I was looking for a way to do object detection with fast ai. I found the retinaNet notebook belonging to part 2 of the course and ran it.
everything was fine, until i tried using it for inference.i wanted to apply it on video from my webcam(in another code),but i stumbled upon an error. I tried adding the export, load and predict lines to the same training notebook and got the same error, which is the one below:
is it not possible to get predictions by doing learn.predict ? if so how do i get them?
ps: I understand that this is more suited to part2 2019 of the course, and i apologize. i cant access their forums now, and i am using this for my graduation project so i cant really wait until it the course is available on the internet. I thought part one was enough for object detection, since it has segmentation in it. i was wrong.
learn = load_learner(path=’.’,file=‘model.pkl’)
with torch.no_grad(): learn.model.eval()
input = Variable(image)
input = input.to(device)
z = learn(input)
show_preds(image, frame, z, detect_thresh=0.35, classes=learn.data.classes)
i got an error :
TypeError: ‘Learner’ object is not callable
and also tried this:
learn = load_learner(path=’.’,file=‘model.pkl’)

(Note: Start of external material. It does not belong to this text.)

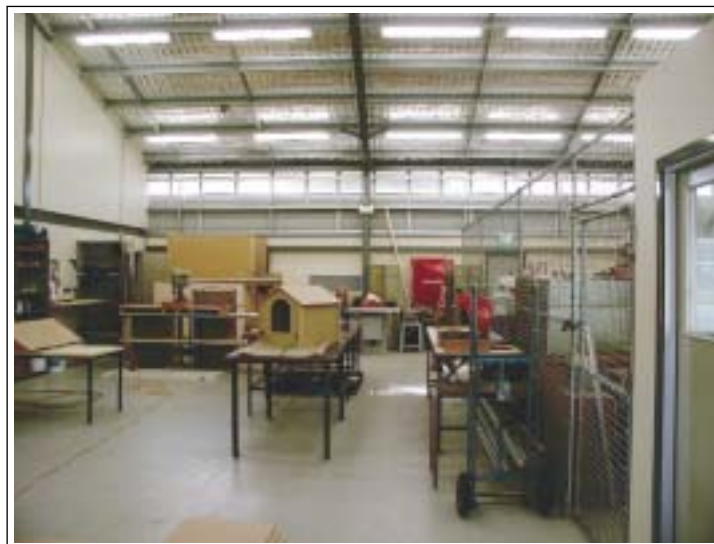
The woodwork shop with a kennel awaiting completion.

5.39 The metal shop functions essentially as a life-skills 65 workplace, with a focus on metalwork. It has a history of doing useful, consolidated work with prisoners, and both the prisoners and the instructor seemed really to enjoy what they were doing. The metal shop instructor teaches occupational health and safety to prisoners from all work locations. Prisoners are engaged in trade training that is functionally useful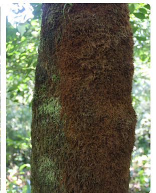
55 Dicksonia sellowiana DICKSONIACEAE

with torch.no_grad(): z=learn.model.eval()(image)
show_preds(image, frame, z, detect_thresh=0.35, classes=learn.data.classes)
and got this error:
RuntimeError: Expected 4-dimensional input for 4-dimensional weight [64, 3, 7, 7], but got 3-dimensional input of size [3, 480, 640] instead
which shows that in this case its expecting a batch not a single image. is there a way to get around this?
still the same error (in that same line) :
RuntimeError: Expected 4-dimensional input for 4-dimensional weight [64, 3, 7, 7], but got 3-dimensional input of size [3, 480, 640] instead
for anyone wanting to do this, i manged to get predictions like this: defaults.device = torch.device('cuda') encoder = create_body(models.resnet50, cut=-2) model = RetinaNet(encoder,21,final_bias=-4) state_dict = torch.load('stage2-256.pth') model.load_state_dict(state_dict['model'],strict=False) model = model.cuda() model.eval() with torch.no_grad(): z = model(image.unsqueeze_(0).cuda())
usually you use cpu for inference, but i m using webcam stream so i need it.
if you want cpu:
state_dict = torch.load(‘stage2-256.pth’, map_location = ‘cpu’)
and remove all the .cuda()s
Hi Mohamed,
Would you happen to have an exemplified notebook on how to implement an object detector via fastai? I am basically looking to convert my multi-label classifier to a multi object detector.